# How Much Lactose



## Screwtop (20/3/12)

Have a Cider on oak atm it finished at .098 so dry as a nun's ninnie. Anyone have experience (means real hands on experience over a number of batches) with backsweetening Cider using lactose, how much as a starting point? Can always make it again to tweak, so far the best cider I've ever made. Have backsweetened using juice and a touch of lactose before, but never one that has finished so low. Tony Thorogood offered advice re oaking and it now has a beautiful french oak vanilla aroma, don't want it to me mouth puckering dry.

Screwy


----------



## Ross (20/3/12)

Sounds great as is Michael, would love to taste it before you back sweeten.


cheers Ross


----------



## bradsbrew (20/3/12)

Interested in advice too Screwy. 

How much juice to cider ratio have you used in the past to back sweeten?

Cheers


----------



## Renzo (20/3/12)

What % of oak chips did you add and when?

Cheers


----------



## Effect (20/3/12)

There has been some local adelaide brewers that have used a chemical that allowed them to bottle carb a sweet cider...interesting I thought.
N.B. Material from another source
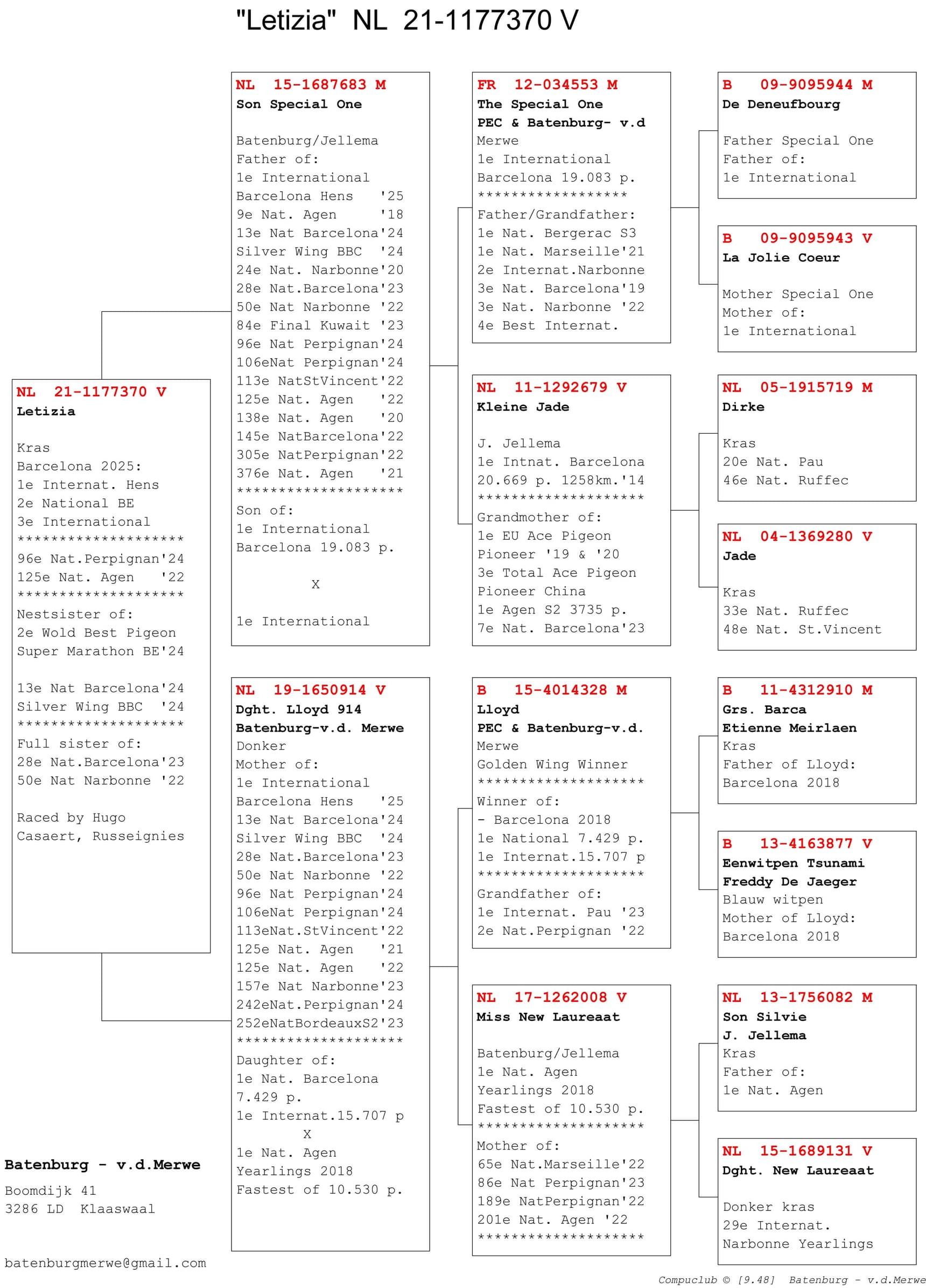 Hugo Casaert de Russeignies, remporte le 1er international (femelles) Barcelone contre 5.735 pigeons avec la femelle écaillée NL21-1177370 appelée ‘Letizia’ qui a parcouru, dans la chaleur, les 1025,85 kms de ce concours mythique, à la vitesse de 962,41 m/m. Elle s’est pointée à 7h39, tout en se classant également 2ème National (5.819P) et 3ème International contre 15.598 pigeons. Un véritable exploit pour cette femelle élevée par Hugo Batenburg-Van de Merwe (NL) qui a déjà gagné le 96ème Nat. Perpignan en 2024 ainsi que le 125ème Nat. Agen en 2022. Elle est aussi la sœur de nid du 13ème National Barcelone 2024, gagnante de l’aile d’argent 2024. Et comme vous pouvez voir dans le pédigrée, du sang royal coule dans les veines de cette championne. Lors de ce ‘dur’ Barcelone, Hugo Casaert est aussi le 1er amateur belge à classer 2 pigeons puisqu’il est figure à la 2ème et 14ème place nationale.

Hopefully they pipe up (I know QB was one of them as he told me about the product at a case swap). It would be great if you could get your hands on some of that and maybe back sweeten with some juice...and then bottle condition


----------



## troopa (20/3/12)

Phillip as far as i can think it will either be Lactose or Stevia.. edit: didnt see that you mentioned they use is for bottle carbing .. im confused now

Screwy, Ive been back sweetening with between 200-400g of lactose to 19 liters at around 1.000sg which is up to about 1.005 and that gives me something my wife my mates and i enjoy but i do enjoy a dry cider as well...
But mate as you know sweetness, dryness and bitterness is all subjective 
Personally (and how i started) i would take 100mls and add "X" amount of Lactose till you find a level your happy with then scale up 

I also agree with Ross it sounds great as it is


----------



## Screwtop (20/3/12)

Troopa said:


> Phillip as far as i can think it will either be Lactose or Stevia.. edit: didnt see that you mentioned they use is for bottle carbing .. im confused now
> 
> Screwy, Ive been back sweetening with between 200-400g of lactose to 19 liters at around 1.000sg which is up to about 1.005 and that gives me something my wife my mates and i enjoy but i do enjoy a dry cider as well...
> But mate as you know sweetness, dryness and bitterness is all subjective
> ...




You buggers! This all came about after tasting Thatchers Green Goblin Oak Aged Cider a couple of months ago. This stuff would put a horn on a jellyfish.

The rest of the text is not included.